— Exercise goal —
Reproduce verbatim all of the data given below, but do not carry over the images.

— Collected data —
______________________________

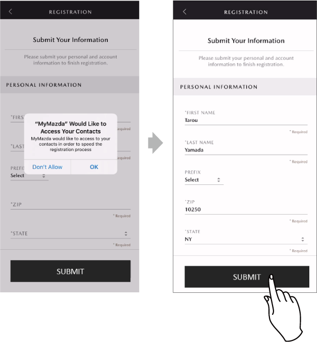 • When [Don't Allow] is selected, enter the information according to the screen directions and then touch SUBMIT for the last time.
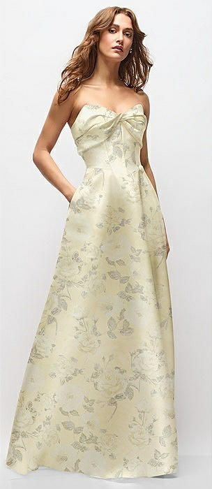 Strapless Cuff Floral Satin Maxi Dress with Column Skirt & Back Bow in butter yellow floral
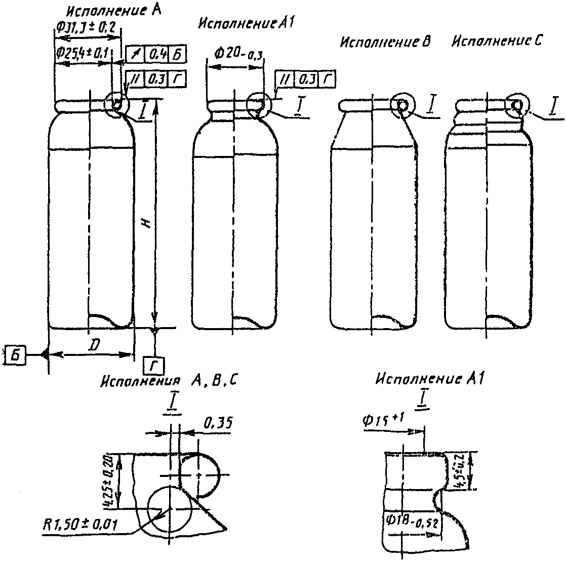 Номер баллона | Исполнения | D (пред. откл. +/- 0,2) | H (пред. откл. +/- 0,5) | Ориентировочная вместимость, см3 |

______________________________

— Answer to the problem —
 • When [Don't Allow] is selected, enter the information according to the screen directions and then touch SUBMIT for the last time.
 Strapless Cuff Floral Satin Maxi Dress with Column Skirt & Back Bow in butter yellow floral
 Номер баллона | Исполнения | D (пред. откл. +/- 0,2) | H (пред. откл. +/- 0,5) | Ориентировочная вместимость, см3 |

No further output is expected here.